Ownership still has to be explicit and formally assigned because an LLM that routes a planning conflict back to the wrong team because ownership was never defined does not save time. It produces a faster version of the same stall and it does so with enough surface confidence that the mistake takes longer to catch than it would have when a human made it.
The translation the model is doing is probabilistic, meaning it is making inferences based on context rather than determinations based on ground truth. When the system reconciles 2 submissions that use different definitions of capacity it is guessing at the right answer using available signal. Consequential decisions still need human validation and deterministic systems still need to hold the source of truth underneath the model layer.
The long tail of exceptions shifts from manual handling by someone with organizational context to policy design by someone who has to anticipate edge cases before they occur. Every judgment call the senior PM used to resolve through accumulated knowledge and relationship capital now has to be encoded in advance as an escalation rule or a fallback path. Most organizations discover how hard that is after they have already deployed and started hitting the cases nobody thought to plan for.

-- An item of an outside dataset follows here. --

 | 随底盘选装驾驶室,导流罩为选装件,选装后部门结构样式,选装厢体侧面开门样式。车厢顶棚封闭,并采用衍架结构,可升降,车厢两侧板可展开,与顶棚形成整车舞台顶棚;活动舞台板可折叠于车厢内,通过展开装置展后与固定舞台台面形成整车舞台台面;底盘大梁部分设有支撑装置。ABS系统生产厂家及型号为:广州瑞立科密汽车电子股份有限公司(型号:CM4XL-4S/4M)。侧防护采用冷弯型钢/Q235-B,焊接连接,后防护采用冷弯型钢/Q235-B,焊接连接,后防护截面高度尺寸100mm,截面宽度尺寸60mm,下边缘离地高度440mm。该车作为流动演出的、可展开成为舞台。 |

Bounded actions, clear escalation paths, logging and audit trails, evaluation against real planning cycles and rollback paths for when the system gets it wrong are the actual deliverables of an AI-enabled planning capability.

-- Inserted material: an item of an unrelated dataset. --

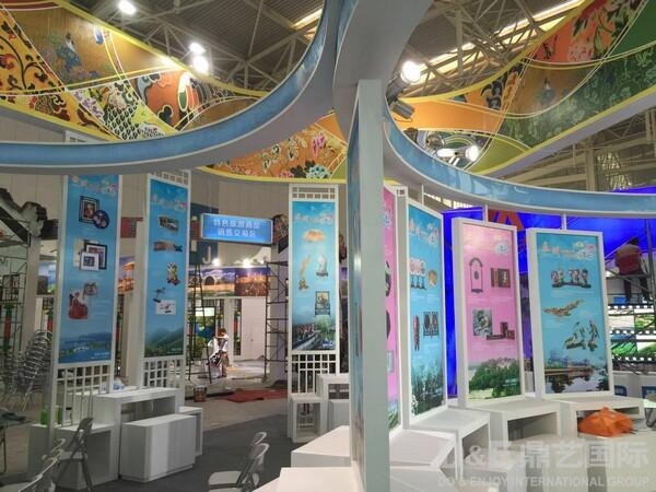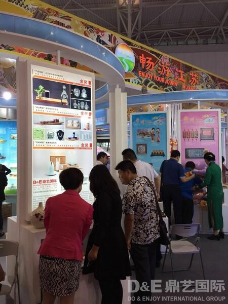 在组织丰富展品参展的同时,鼎艺国际还承担了本届博览会江苏展区的整体策划、展区创意设计、工程制作、布展施工以及组织全省十三市旅游商品企业参展等各项系统工作。由鼎艺国际承担设计的江苏展区融合传统与现代,充分体现了江苏旅游商品悠久的历史文化底蕴和产业融合发展的创新风采,获得与会领导与现场观众的高度认可。

Skip those controls and you have a faster way to produce confident errors at scale and a much harder time explaining what went wrong when it does.
The Shift
Classic automation was good at executing steps and struggled at the handoffs between them. LLMs are unusually capable at handoffs because they can read what a person meant and restate it in the vocabulary the next system or team expects.
This is the actual capability gain and it is worth being precise about because the distinction matters when you are deciding where to invest and what to instrument. We now have a new interface between workflows which changes what is possible at the boundaries without necessarily changing what happens inside each step.
Closing
Digital transformation stalled when humans became the permanent glue because nobody designed a system to replace what they were actually doing. Most programs saw the manual steps and automated them. Nobody accounted for the translation work happening between the steps and that work did not go away. It became invisible overhead that showed up as coordination costs, meeting load and senior people spending their time reconciling spreadsheets instead of making the decisions the reconciled view was supposed to enable.

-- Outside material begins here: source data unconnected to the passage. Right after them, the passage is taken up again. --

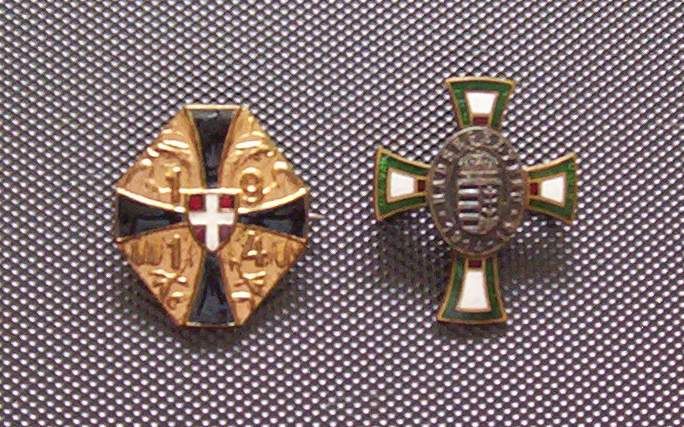 Azt, hogy a m.kir.-i vagy a k.u.k. 32 gyalogezredé nem tudom megmondani, mert mindkettő sötétkék színű volt. Gomblyuk miniatűr szerintem nagyobb eséllyel magyar királyi gyalogezredé.
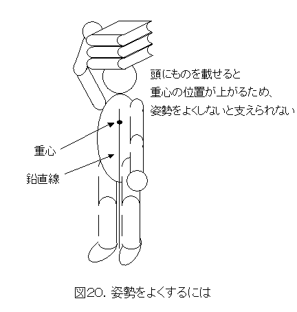人間の場合、重心はへそより20cm位上の背骨の辺りということです。このとき、重心からの鉛直線を引けば、両足の間を通ります。
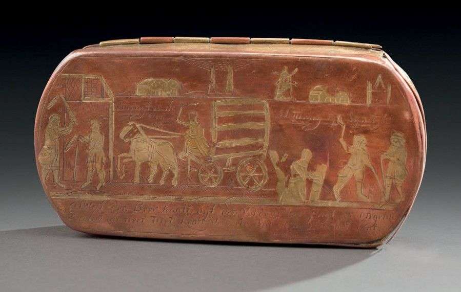 en cuivre rouge partiellement doré, fermé par une serrure à combinaisons, présentant sur ses deux faces des scènes agricoles et inscriptions en vieux flamand.

LLMs change what the translation is made of and at what scale it can operate. Build the controls around that capability and you get real leverage. Skip the controls and you get the same coordination failure you had before, running faster and harder to debug. The organizations that figure this out will not be the ones with the most impressive demos. They will be the ones that redesigned ownership, escalation and policy around a system that finally handles the handoffs.